JPH09281545A - Zooming device and optical instrument - Google Patents

Abstract

PROBLEM TO BE SOLVED: To relieve the brightness and darkness ratio of a light quantity in the central and peripheral parts of a picture by incorporating a diaphragm device capable of performing diaphragming up to a small aperture and a subdiaphragm for setting the diameter of an open aperture at each focal distance, linked with a zooming operation and driving the diaphragm device with the zooming operation, even in an opened state. SOLUTION: A first moving frame 3 for first lenses G1 and G2 and a second moving frame 4 for second and fourth lens groups G3, G4, G7 and G8 are slidably inserted in an optical axial direction, into the inside diameter part of a cam barrel 2 rotatably inserted into the inside diameter part of a guiding barrel 1 respectively and a third moving frames 5 for third lens groups G5 and G6 is slidably inserted in the axial direction, into the inside diameter part of the second moving frame 4 as well. Further, a motor-driven diaphragm device 24 capable of performing diaphragming up to the small aperture is attached to the third moving frame 5 and the subdiaphragm 26 for setting the diameter of the open aperture at each focal distance, linked with the zooming operation is attached to the rear. Even in the opened state, the diaphragm devices is driven by the zooming operation. Thus, the quantity of light made incident on the central part of the picture can be limited.

Description

Detailed Description of the Invention

[0001]

TECHNICAL FIELD The present invention relates to a diaphragm aperture (FN
A zoom device including a main aperture that can change O) and a sub aperture that is located behind this main aperture and whose aperture diameter changes in conjunction with zoom operation, and particularly relates to a wide-angle zoom device and optical equipment. Is.

[0002]

2. Description of the Related Art Conventionally, an electric aperture device having an aperture diameter correction mechanism for correcting the aperture diameter in conjunction with zoom operation has been developed by the applicant of the present invention and has already been put into practical use. An electric aperture device having this aperture diameter correction mechanism is disclosed in Japanese Patent Laid-Open No. 3-15.
As described in Japanese Patent No. 834, the open FNO is determined by the open diameter (fixed open diameter in the aperture device) at the tele end, and the open aperture aperture is set by the aperture blade itself from the tele end to the wide end. Formed and open FNO by the aperture size
To determine. That is, one electric diaphragm device (main diaphragm)
In order to change the FNO, it is possible to narrow down to a small aperture and to have an aperture diameter correction mechanism that changes the aperture diameter in conjunction with zoom operation.

Further, there is a zoom device equipped with two diaphragm devices, an electric diaphragm device (main diaphragm) capable of narrowing down to a small diaphragm in order to change the FNO, and a secondary diaphragm device whose diaphragm aperture changes in conjunction with zoom operation. Are known.

[0004]

However, in the zoom device equipped with the above-mentioned one electric diaphragm device, since it also serves as a diaphragm aperture correction capable of narrowing down to a small diaphragm, the diaphragm device becomes large and there is a space disadvantage. However, there is a problem that a compact lens barrel cannot be achieved.

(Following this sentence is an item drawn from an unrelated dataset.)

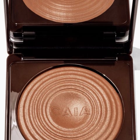 «CAIA’s Glow Bronzer har en patentert Prisma-teknologi som gir deg en naturlig, solkysset look. Formelen er byggbar, noe som gjør det enkelt å påføre og tilpasse mengden. Den smelter sømløst inn i huden som en krem, samtidig som den holder seg på plass som et pudder og gir et silkeaktig resultat med en soft-focus finish."

On the other hand, in a zoom device having two diaphragm devices, a main diaphragm capable of narrowing down to a small diaphragm and a sub diaphragm whose aperture diameter changes in association with zoom operation, the main diaphragm and the sub diaphragm are separated from each other. Therefore, compared to the above-mentioned one motorized aperture device that also functions as a diaphragm aperture correction that can narrow down to the small aperture, more light enters the middle part of the screen and the contrast ratio with the peripheral part (diagonal) of the screen However, there was a problem that the peripheral light amount became insufficient.

The present invention has been made to solve the above problems, and limits the amount of incident light in the middle of the screen,
It is an object of the present invention to provide a zoom device and an optical device that alleviate the light intensity contrast ratio of the screen middle part and the screen peripheral part.

[0007]

A zoom device according to a first aspect of the present invention is provided with a diaphragm device capable of narrowing down to a small diaphragm and a sub diaphragm that determines an open FNO at each focal length in association with a zoom operation. However, the diaphragm device is driven even in the open state by the zoom operation.

A zoom device according to a second aspect of the present invention is
The diaphragm device is driven to the vicinity of the FNO light flux at each focal length.

A zoom device according to a third aspect of the invention is
The zoom encoder detects the focal length.

A zoom device according to a fourth aspect of the invention is
A stepping motor is used as a drive source of the diaphragm device.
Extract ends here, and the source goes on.